President, Harvard Law School Association of the UK, 1981–2001, and Member of the Academy of European Private Lawyers, from 1994. Independent Chairman, London Theatre Council and The Theatre Council (formerly Provincial Theatre Council), from 1992 (and Deputy Chairman, 1971–1992). President, Oxford Stage Company, from 1992, and Trustee of the Oxford Union Society, 1977 to 2004 (Chairman of Trustees, 1994–2004), a Fellow of Winchester College, 1985 to 1996, and a Trustee of the Migraine Trust since 1999.

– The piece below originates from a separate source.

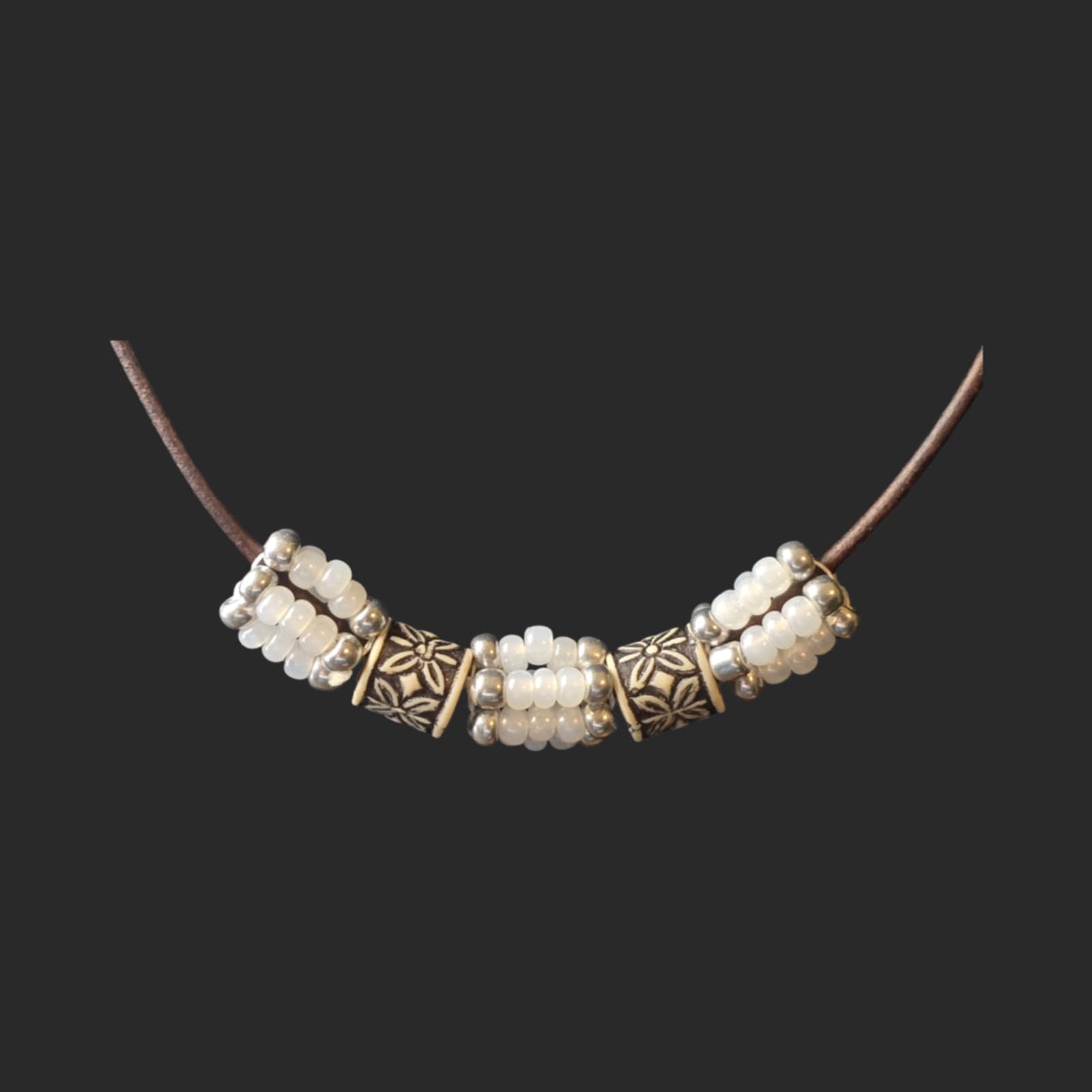 Approximately 20-inch leather cord necklace with white handmade beads.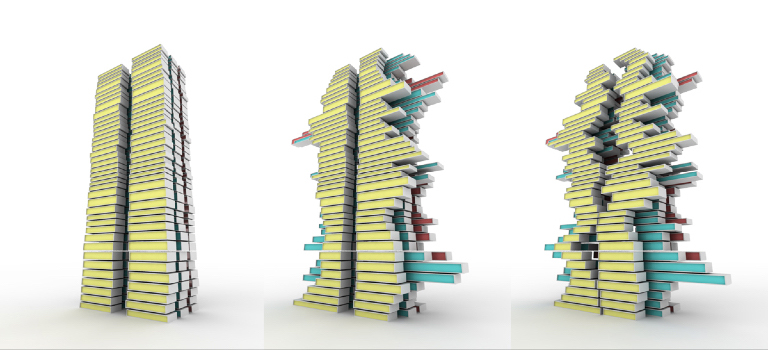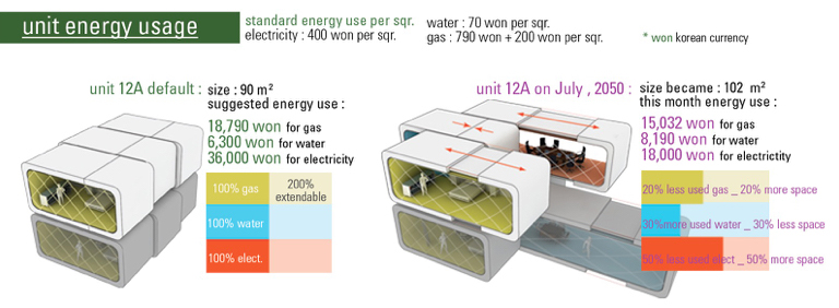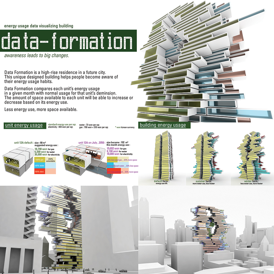 The use of visuals can be a very strong form of communication. Having said that, what if we applied data to a physical space? If data is used to determine physical space, would that be an effective way to make people more aware of their habits? ![]() "Data formation" is a future high-rise residence building that changes its physical form based on the home’s energy usage. The size of the residence is in accordance with the amount of energy used. If the residents were to waste more energy than normal, the apartment would decrease in size. If they were to conserve energy, the size would increase. This is a conceptual building that might lead to behavioral changes through virtual changes in the size and shape of the apartments. If we are affected by the data we generate, we might have a stronger motivation to change our behavior in positive ways. ![]() This picture shows how each unit changes. The picture on the left shows what it would look like if no energy has been used. It is 90 square meters. After a month, if the residents use gas, water, or electricity, the size would increase to 102 square meters. This energy usage data goes directly to the place of where it was produced. ![]() The entire building could be reshaped like this. The left side is more of a straightforward shape, which means no energy has been used. As people start to use it, the shape could change in this way. It would be different every month and every season. Therefore, the residents and the public could easily notice their energy usage by the size of the unit, and by the shape of the building. We are dealing with energy used on a daily basis, so it is a very direct way to apply the data back to the original source from which it was produced. collaboration with : AnL studio award : iida (Incheon International Design Award), 2009 |

McGregor was appointed Commander of the Order of the British Empire (CBE) in the 2014 New Year Honours for services to law and education. He died at the age of 89 on 27 June 2015.

==Selected publications==
- McGregor on Damages (12th Edition published 1961 to 20th Edition Published 2017)
- Contract Code (1993)
- contributor to International Encyclopedia of Comparative Law (1972)

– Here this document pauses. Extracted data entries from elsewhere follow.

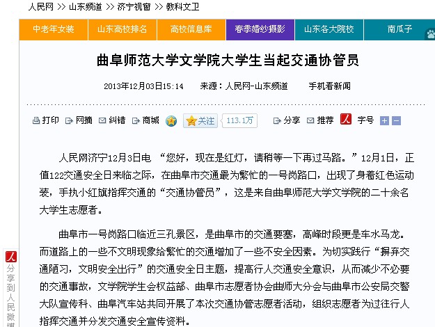 人民网:D体育在线登录官网文学院大学生当起交通协管员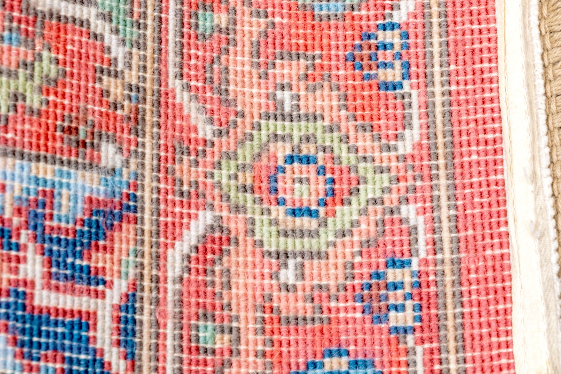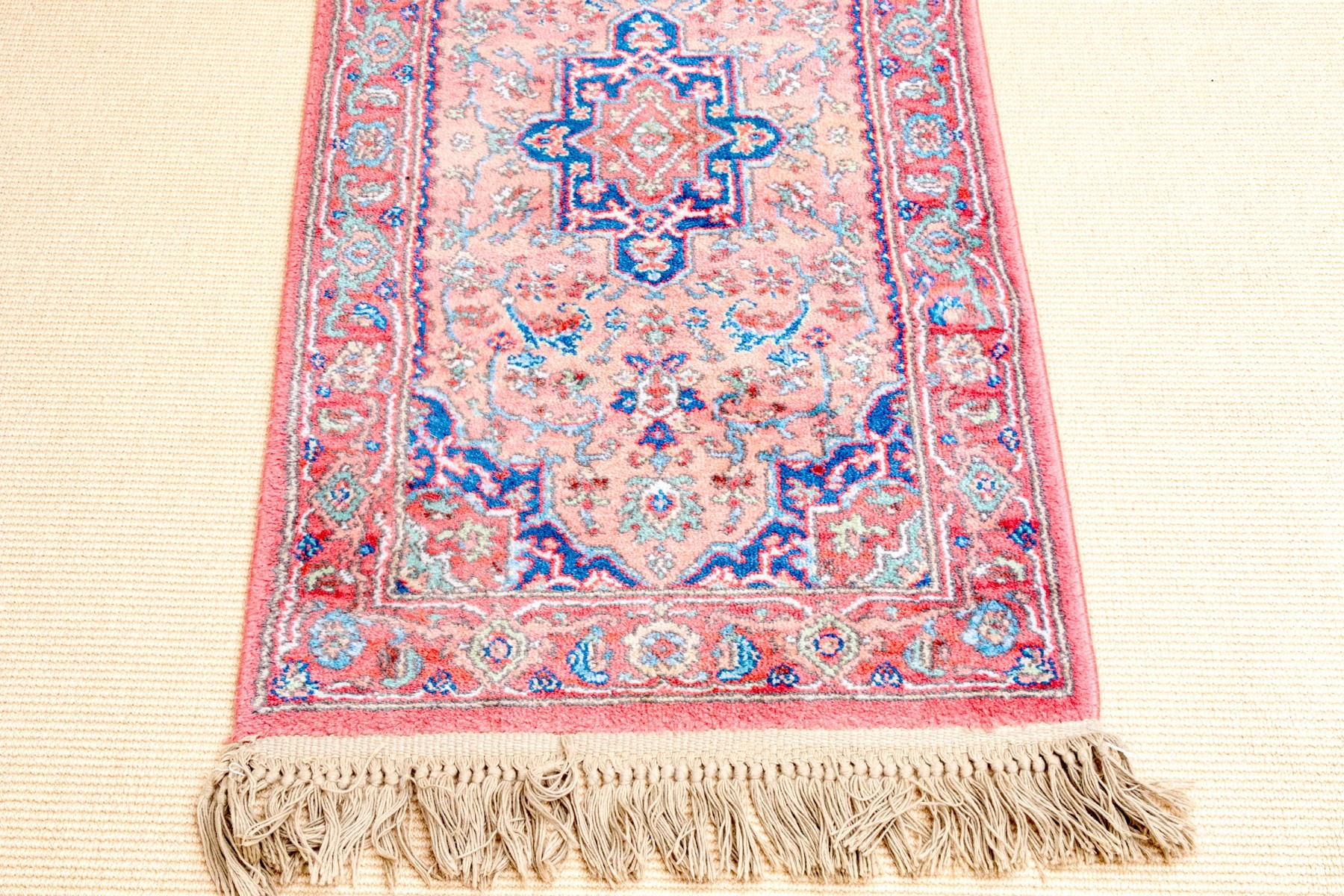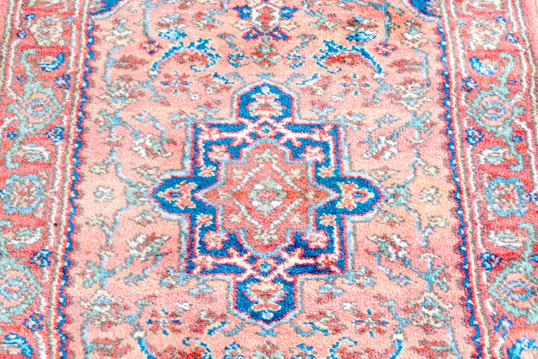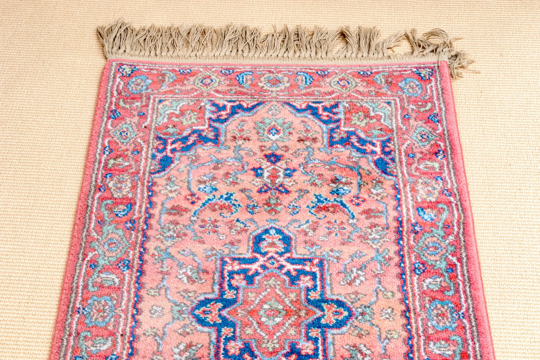 A delightful hand-knotted wool accent rug showcasing a pinkish red main border with vinig florals flanked by narrow beige and brown guard borders around a pink field. The field is framed by blue spandrels complimenting a shapely rectangular petaled medallion at the center surrounded by fine vining foliage in seafoam green, blue, pink, and red.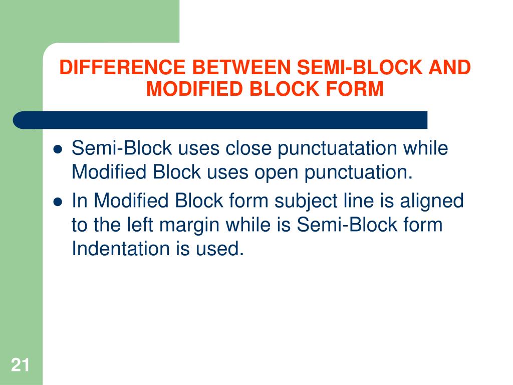 DIFFERENCE BETWEEN SEMI-BLOCK AND MODIFIED BLOCK FORM • Semi-Block uses close punctuatation while Modified Block uses open punctuation. • In Modified Block form subject line is aligned to the left margin while is Semi-Block form Indentation is used.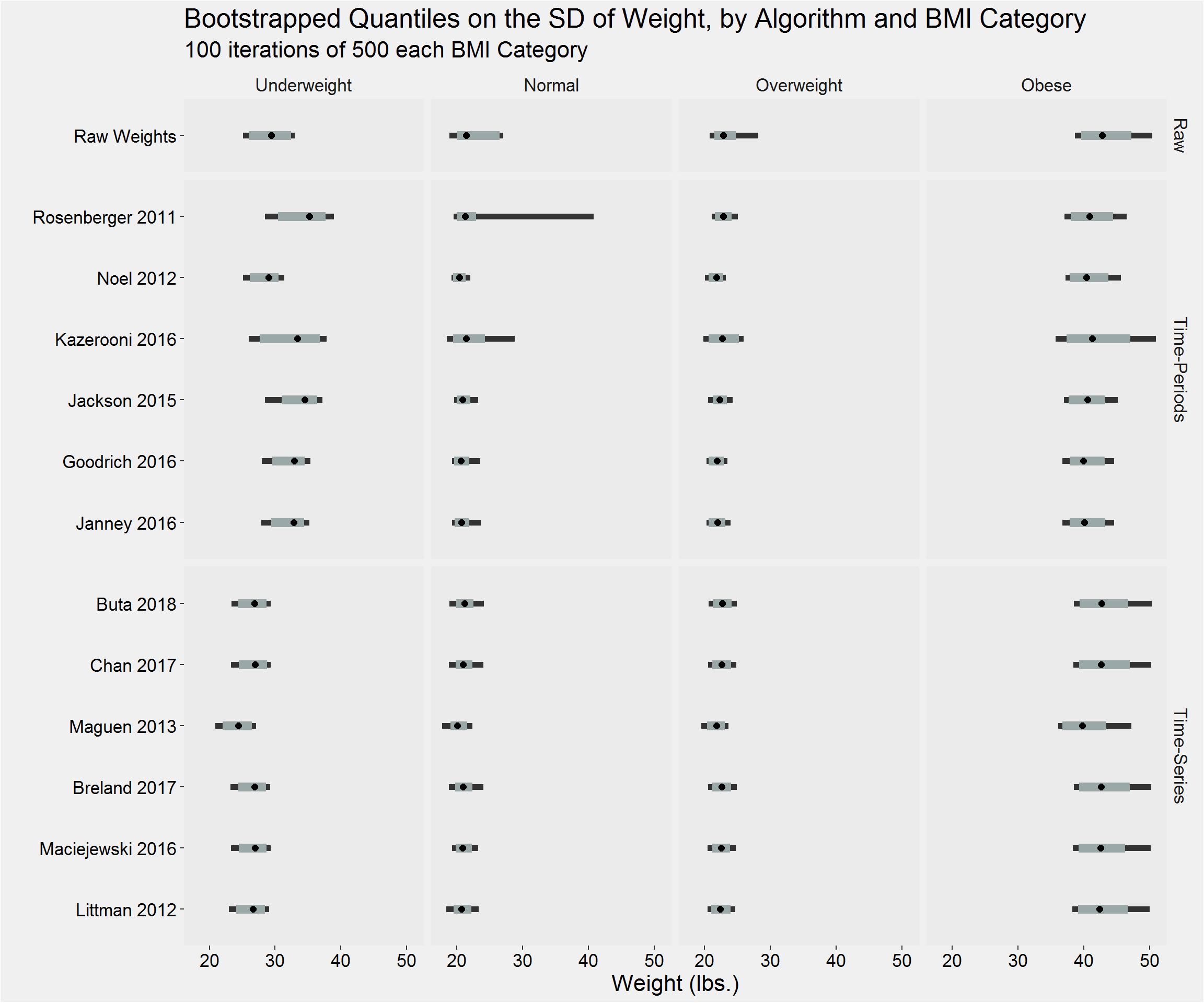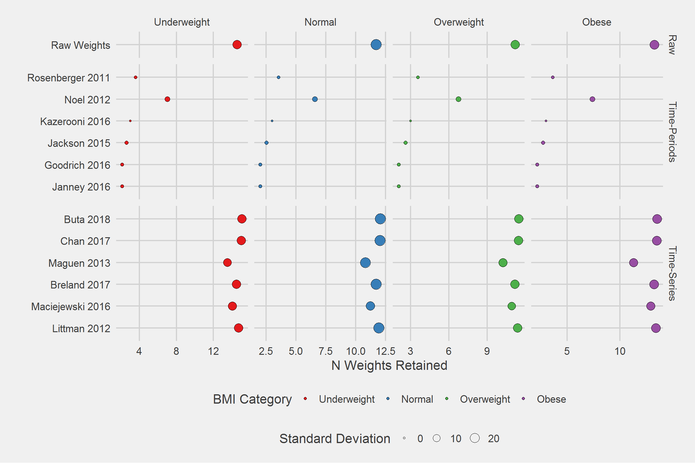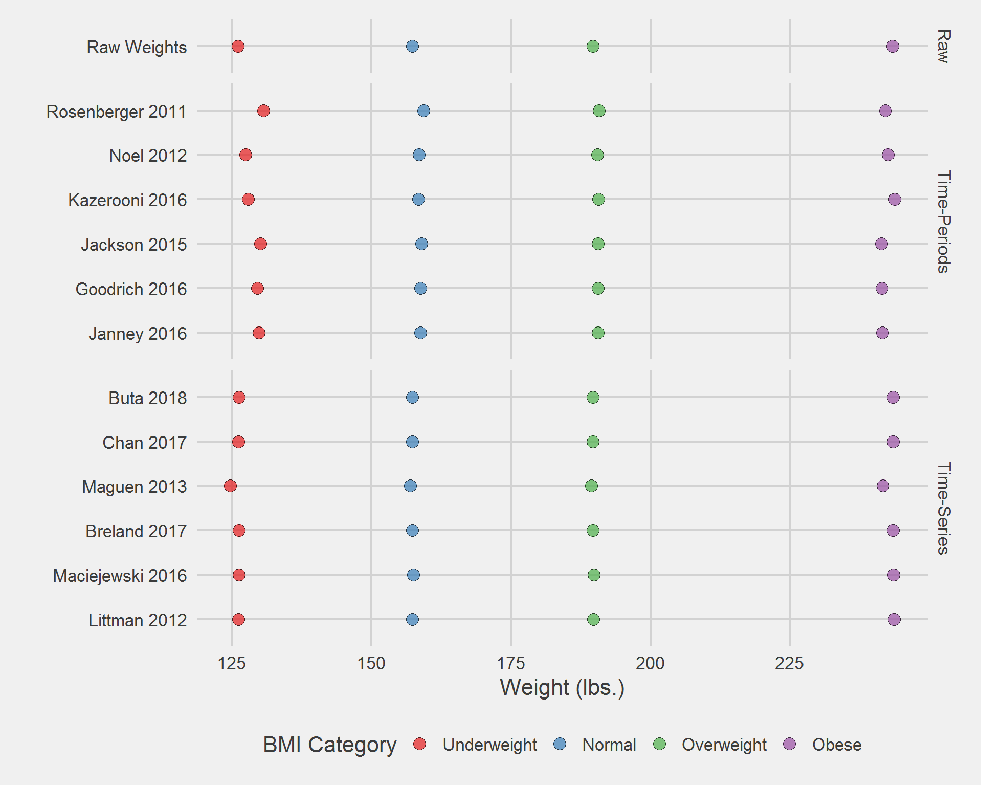 | Raw Weights | Obese | 21.49 | 17.19 | 8.20 | 14.00 | 17.60 | 23.30 | 296.10 |

At the Modern Law Review, McGregor was a member of the editorial board since 1986 and was previously a member of the Editorial Committee from 1967.

The Law Commission, together with the Scots Law Commission, asked McGregor to produce a proposal for the codification and union of the contract law of England and Scotland, which are based in Common Law. He did so in Contract Code (1993). This work was not adopted by either Law Commission, so McGregor got it published by an Italian University. His proposals include, inter alia, the abandonment of the English doctrine of consideration. Shortly after publication, the European Commission expressed an interest in the "Contract Code" as the basis for an EU-wide law of contract, but eventually chose not to adopt it. Instead, the EU has looked more kindly on a document, "Principles of European Contract Law", created by the self-styled Commission on European Contract Law (a group of leading contract law academics). In the meantime, the EU passed the Rome I Regulation, Rome II Regulation and the Rome III Regulation, all of which have had a mixed reception in English legal circles.